::: Input for this task :::

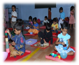 The Montessori approach was designed to help children grow by letting them explore the World around them. Classrooms are called “prepared environments” where children’s innate zeal for learning is encouraged allowing them opportunities to choose among an array of purposeful activities to work on with the guidance of a trained adults. Early child hood is our special concern and we place a great importance in child’s learning environment. Our entrance lobby with colorful displays assures the children as this is a place of fun, interest and teachers will take care of them. We follow Montessori Method where children enjoy their time, feel happy and secured under the table hand of qualified, well trained and compassionate teachers.
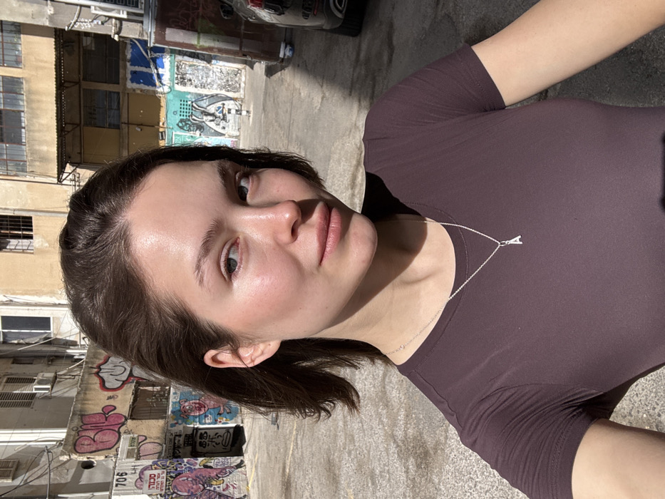 The image depicts a female individual, approximately 20-30 years old, with light brown hair and light-colored eyes, engaged in a self-portrait in an urban alleyway. She is wearing a dark brown, short-sleeved top and a thin silver chain necklace with a small capital 'A' pendant. The subject is illuminated by direct sunlight, casting subtle shadows on her right side. The background consists of multi-story, light-beige colored buildings characteristic of older architecture in Tel-Aviv, Israel. The walls are extensively covered in various graffiti, including pink bubble letters, cartoonish figures (such as an octopus-like creature, a pig-faced character, and a rabbit-like silhouette), and text. A white sign with the number "706" and some Hebrew script is visible on a wall to the left. The ground is an uneven, light-colored paved surface. A portion of a dark-colored vehicle is visible parked on the far right. The scene's overall aesthetic, including the older buildings, extensive street art, and urban alley, is consistent with areas like the Florentin neighborhood in South Tel-Aviv.
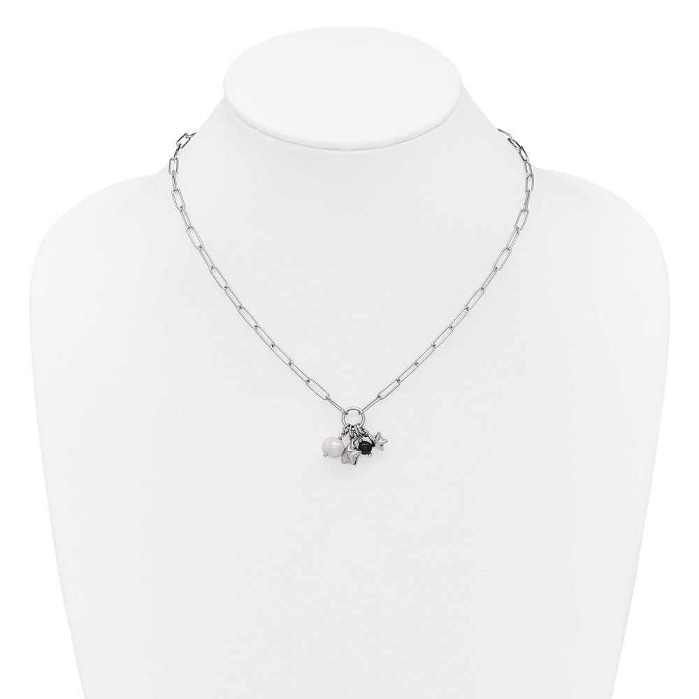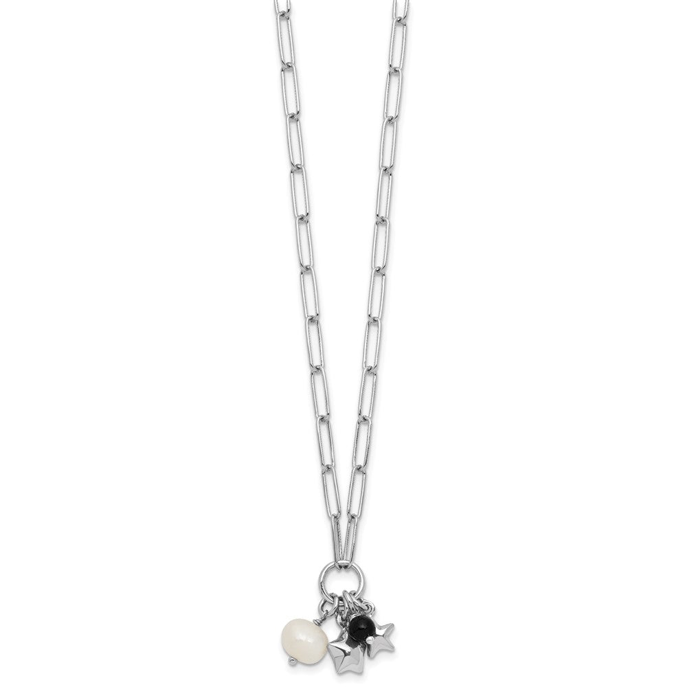 Sterling Silver Rhodium-plated Stars and White Freshwater Cultured Pearl and Black Acrylic Bead 17. with Extender Paperclip Necklace
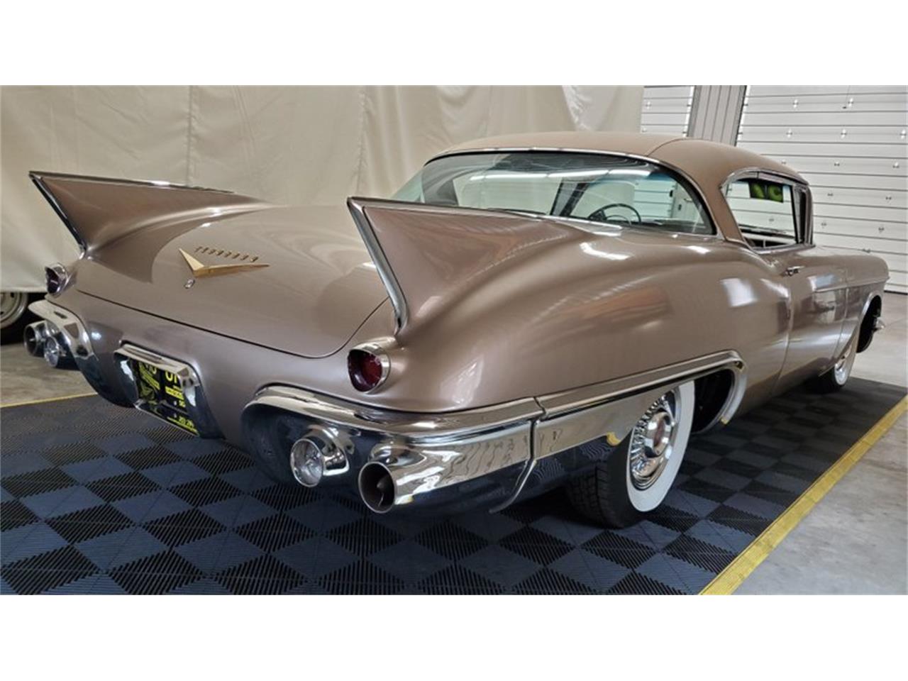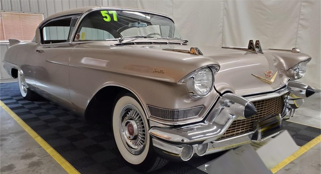 1957 Cadillac Eldorado Seville that is dressed in Desert Tan with matching tan cloth top. Chrome and brighwork in excellent condition and really looks great against the paint. This car was very well equipped with power steering, power brakes, and air conditioning. A C has been converted as well. Riding on wide whites with chrome Cadillac wheels. Powered by a 365 V8 under the hood that is paired with an automatic transmission. Interior is tan to match and is in excellent condition.
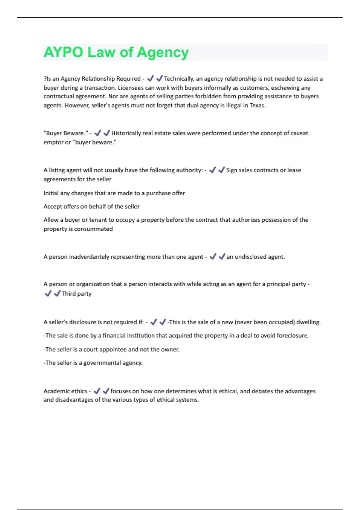 AYPO Law of Agency (Questions & Answers) Rated 100% Correct!!
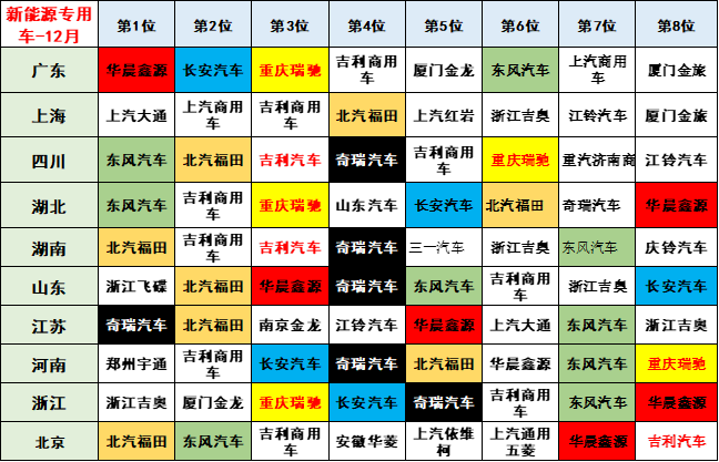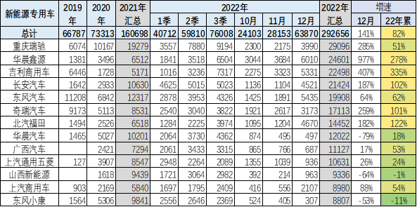 2022 年的新能源专用车市场总体看没有特别的强势厂家,吉利和奇瑞等全国性的优势企业不多,专用车与乘用车的竞争格局明显差异。
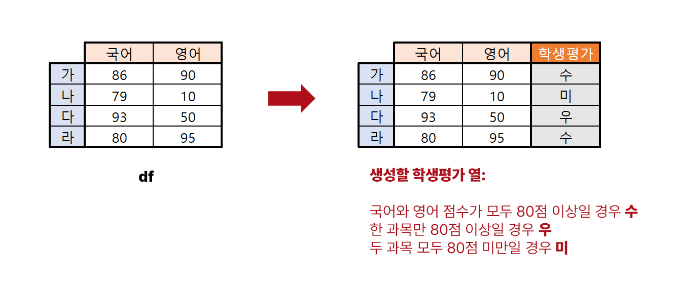 df에서 국어와 영어 점수를 기준으로 평가를 부여하는 작업을 진행해 보겠습니다. 국어와 영어 점수가 모두 80점 이상일 경우 수, 한 과목만 80점 이상일 경우 우, 두 과목 모두 80점 미만일 경우 미를 부여할 것입니다.
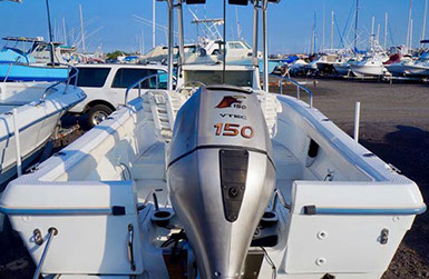 Center console with Bimini or T. Tops for shade, Yamaha 115-150 hp four-stroke motors. Trim tabs for a comfortable smooth ride.
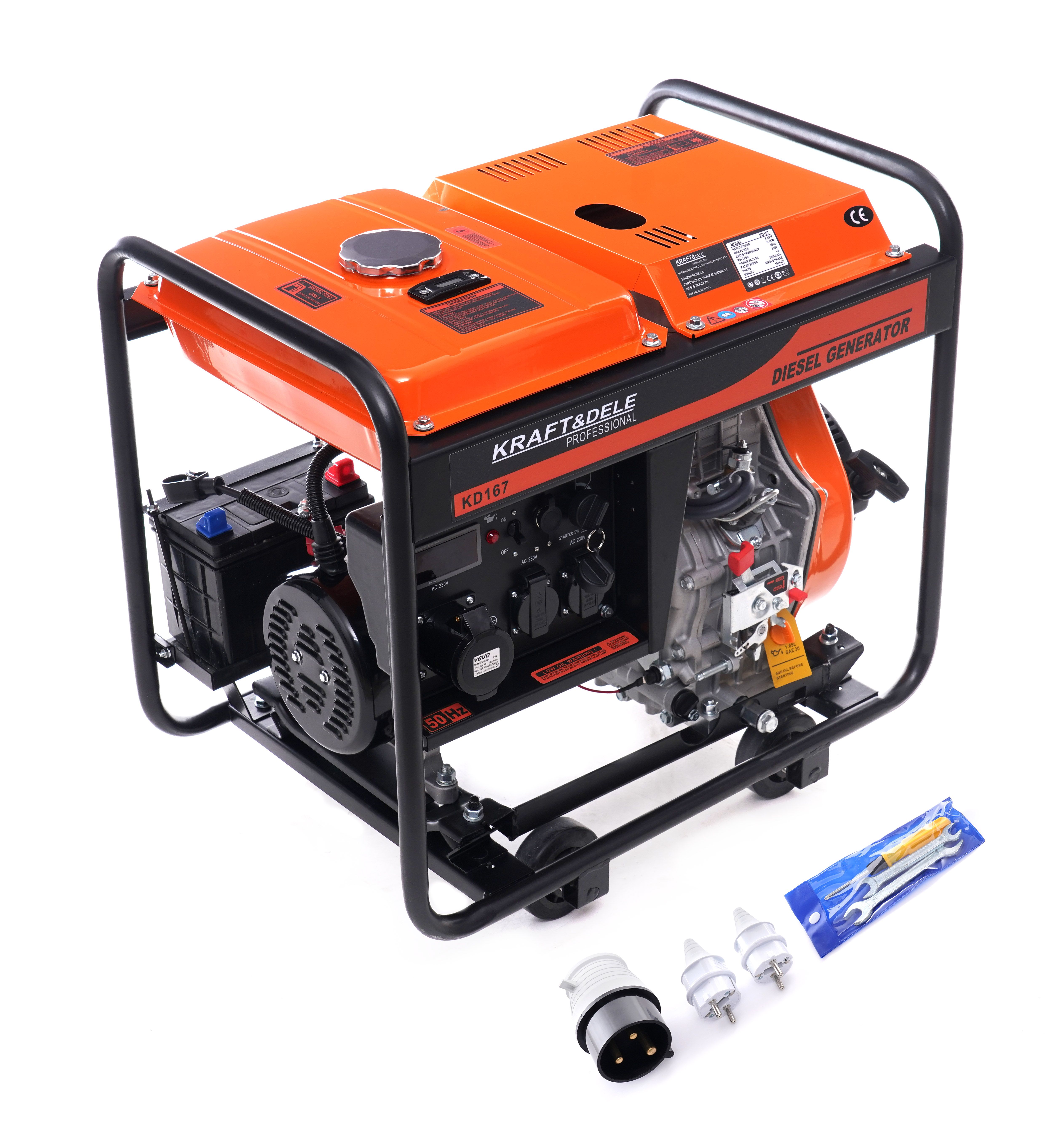 Agregat prądotwórczy 6kW / 230V Kraft&Dele KD167 to jednofazowy agregat prądotwórczy do zasilania 230V/50Hz, zaprojektowany z myślą o pracy awaryjnej i mobilnej. Jeśli szukasz rozwiązania z miedzianą prądnicą, regulacją pracy pod obciążenie oraz wygodnym rozruchem ręcznym i elektrycznym, model KD167 będzie rozsądnym wyborem do zastosowań domowych i firmowych.

:::

▶ _Exercise objective_:
The pictures in the entries above should be left out; all else must be copied exactly.

▶ _Result_:
 The Montessori approach was designed to help children grow by letting them explore the World around them. Classrooms are called “prepared environments” where children’s innate zeal for learning is encouraged allowing them opportunities to choose among an array of purposeful activities to work on with the guidance of a trained adults. Early child hood is our special concern and we place a great importance in child’s learning environment. Our entrance lobby with colorful displays assures the children as this is a place of fun, interest and teachers will take care of them. We follow Montessori Method where children enjoy their time, feel happy and secured under the table hand of qualified, well trained and compassionate teachers.
 The image depicts a female individual, approximately 20-30 years old, with light brown hair and light-colored eyes, engaged in a self-portrait in an urban alleyway. She is wearing a dark brown, short-sleeved top and a thin silver chain necklace with a small capital 'A' pendant. The subject is illuminated by direct sunlight, casting subtle shadows on her right side. The background consists of multi-story, light-beige colored buildings characteristic of older architecture in Tel-Aviv, Israel. The walls are extensively covered in various graffiti, including pink bubble letters, cartoonish figures (such as an octopus-like creature, a pig-faced character, and a rabbit-like silhouette), and text. A white sign with the number "706" and some Hebrew script is visible on a wall to the left. The ground is an uneven, light-colored paved surface. A portion of a dark-colored vehicle is visible parked on the far right. The scene's overall aesthetic, including the older buildings, extensive street art, and urban alley, is consistent with areas like the Florentin neighborhood in South Tel-Aviv.
 Sterling Silver Rhodium-plated Stars and White Freshwater Cultured Pearl and Black Acrylic Bead 17. with Extender Paperclip Necklace
 1957 Cadillac Eldorado Seville that is dressed in Desert Tan with matching tan cloth top. Chrome and brighwork in excellent condition and really looks great against the paint. This car was very well equipped with power steering, power brakes, and air conditioning. A C has been converted as well. Riding on wide whites with chrome Cadillac wheels. Powered by a 365 V8 under the hood that is paired with an automatic transmission. Interior is tan to match and is in excellent condition.
 AYPO Law of Agency (Questions & Answers) Rated 100% Correct!!
 2022 年的新能源专用车市场总体看没有特别的强势厂家,吉利和奇瑞等全国性的优势企业不多,专用车与乘用车的竞争格局明显差异。
 df에서 국어와 영어 점수를 기준으로 평가를 부여하는 작업을 진행해 보겠습니다. 국어와 영어 점수가 모두 80점 이상일 경우 수, 한 과목만 80점 이상일 경우 우, 두 과목 모두 80점 미만일 경우 미를 부여할 것입니다.
 Center console with Bimini or T. Tops for shade, Yamaha 115-150 hp four-stroke motors. Trim tabs for a comfortable smooth ride.
 Agregat prądotwórczy 6kW / 230V Kraft&Dele KD167 to jednofazowy agregat prądotwórczy do zasilania 230V/50Hz, zaprojektowany z myślą o pracy awaryjnej i mobilnej. Jeśli szukasz rozwiązania z miedzianą prądnicą, regulacją pracy pod obciążenie oraz wygodnym rozruchem ręcznym i elektrycznym, model KD167 będzie rozsądnym wyborem do zastosowań domowych i firmowych.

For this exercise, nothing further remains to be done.